Except of course for the Oxford English Dictionary.  While the New Oxford American Dictionary or Merriam Webster says Satan or the Devil, the OED says that Lucifer is a word misused to mean devil.

Where’s the sense in that we ask.

Digging back to the etymology of Lucifer we find that it comes from Latin and probably Greek and is built on lux meaning light, and fer meaning bearing.  So the literal meaning of Lucifer is the bringer of light.

That doesn’t sound very devilish does it?

In fact, I found one reference where Lucifer is used as an alternative name for Jesus because of this root meaning.

So how come I thought Lucifer was the fiery demon from below?

Well, before Lucifer was the bad guy the Romans used the name to designate the planet Venus as it rose before the sun in the morning, heralding the light of day.  In the Bible, in Isaiah the king of Babylon is also called Lucifer because he strove to be equal to God.  But of course he failed.  His rise to power and subsequent grand collapse reflect another tale of Lucifer.  In that one Lucifer was the head clerk of all the angels under God. But he got too big for his britches and God tossed him into the eternal pit of everlasting yuckiness, also changing his name at this time to Satan.

This second story isn’t actually in the Bible, its just one of those tales that has grown up around the bible over the millennia.

I don’t know if you’ve come across it, but once in a while, reading an old book I’ve come across a reference to a strike anywhere match referred to as a Lucifer.  I always thought this was a catchy name for a match based on the fires of hell.  But now I know that it really means bringer of light it seems even more catchy.

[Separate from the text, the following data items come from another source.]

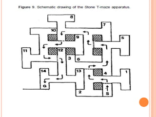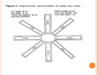 The document summarizes screening procedures for amnesia that are used in laboratory animals. It describes various behavioral models to study drugs or conditions that affect cognitive processes, including discrimination learning tasks like the Morris water maze, radial arm maze, Y-maze, and avoidance behavior tasks like the three-panel runway apparatus and elevated plus maze. It also discusses methods used to induce amnesia in experimental animals for research purposes, such as drug-induced state dependent learning, electroshock, and brain lesions. The goal of screening procedures is to test potential treatments for amnesia.
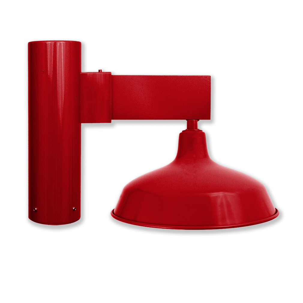 LED outdoor RLM fixture with a 16″ aluminum shade on a straight post-mount arm. Overall size 16″ diameter with a 21-1/2″ extension. Made in the USA.
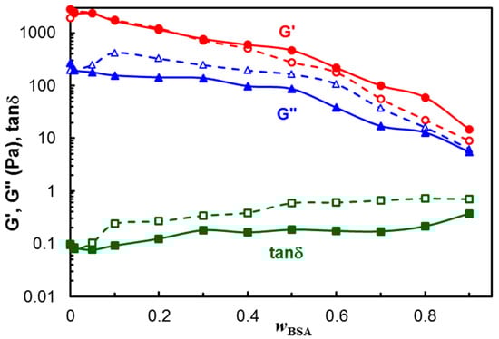 The dependences of G′, G″ and tanδ on the polymer/protein composition are given in Figure 3 (the values at ω = 1 rad/s were considered). The viscoelastic moduli slowly decrease with increasing BSA content for wBSA < 0.5, and their diminution is more pronounced for wBSA > 0.5, suggesting that polymer-polymer interactions contribute to the hydrogel strength. A synergistic effect was achieved by combining the polymer mixture with different amounts of BSA. Even the protein addition weakens the hydrogel moduli; the loss tangent, expressing the degree of viscoelasticity of the sample, remains nearly constant over a large range of the composition, especially at 37 °C.
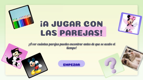 Hoy vamos a jugar a un divertido reto visual: deberás encontrar las parejas de imágenes iguales. Pero atención... ¡el tiempo corre! Tendrás un temporizador para completar el desafío, así que observa con atención, usa tu memoria y actúa rápido.
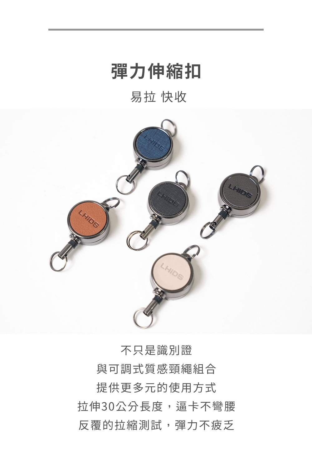 ▸ 識別證五件組包含:翻轉磁吸識別證、便攜卡夾、小磁支架(支援MagSafe)、可調式質感皮革頸繩、彈力拉縮繩
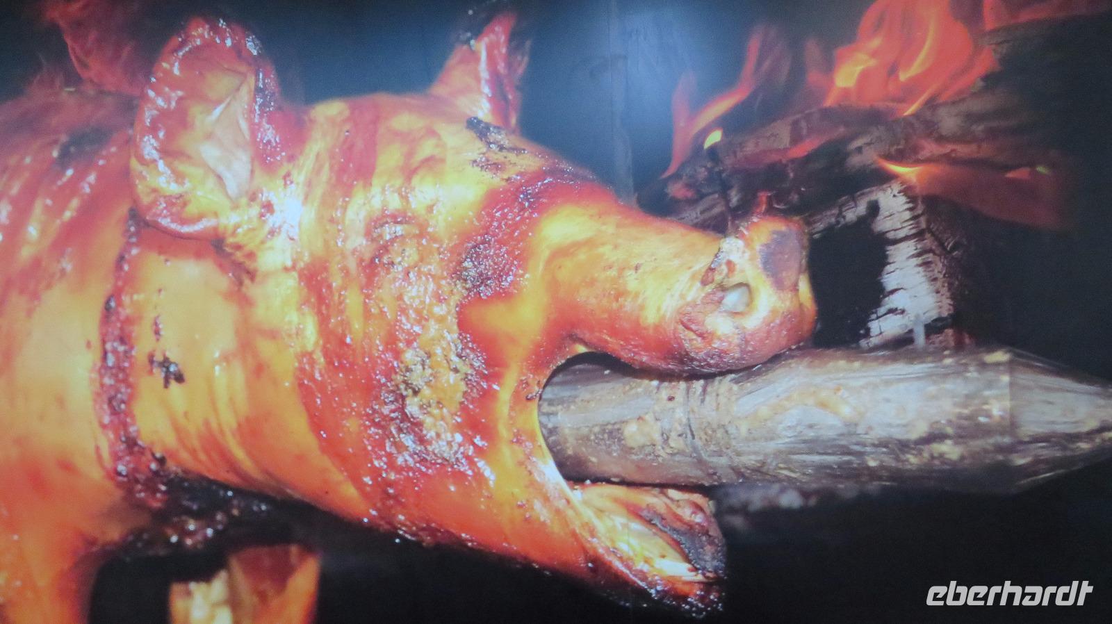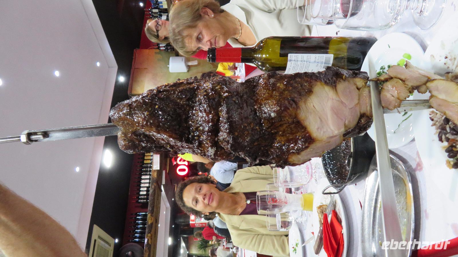 Wir gehen heute gemeinsam zum Abendessen in das Lokal Chimarrao, wo es Rodizio gibt. Immer wieder werden uns verschiedene frisch gegrillte Fleischarten vom Spieß angeboten. Auch ein umfangreiches Vorspeisen und Beilagenbuffet gehört dazu, ebenso wie Wein, Wasser, Kaffee.
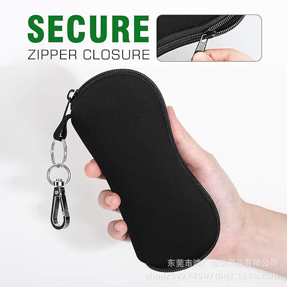 ダイビング素材のサングラスバッグ、旅行用落下防止フック付きジッパー式メガネ収納バッグ、携帯用プリント入りサングラスケース
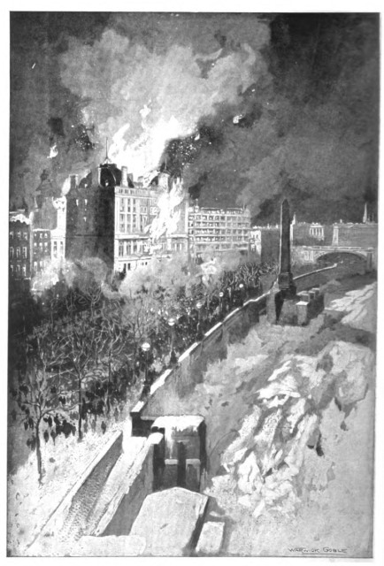 На Стрэнде было светло как днем. Огромный столб красно-белого пламени устремился далеко в небо, ровный гул от него напоминал шум прибоя на каменистом берегу. Постоянно раздавался треск, похожий на мушкетную стрельбу.

The guy who invented the strike anywhere match was John Walker in the early 1800s.  But he didn’t light upon the successful marking name, he called his invention the “friction light.”  Another guy, Sam Jones grabbed the idea and stuck the catchier name on it and made a killing.

The reason the OED says that equating Lucifer and the devil is a misuse is that this entry for the OED hasn’t been updated in more than 100 years and in the mean time English speakers have misused the word so many times that it has become standard use.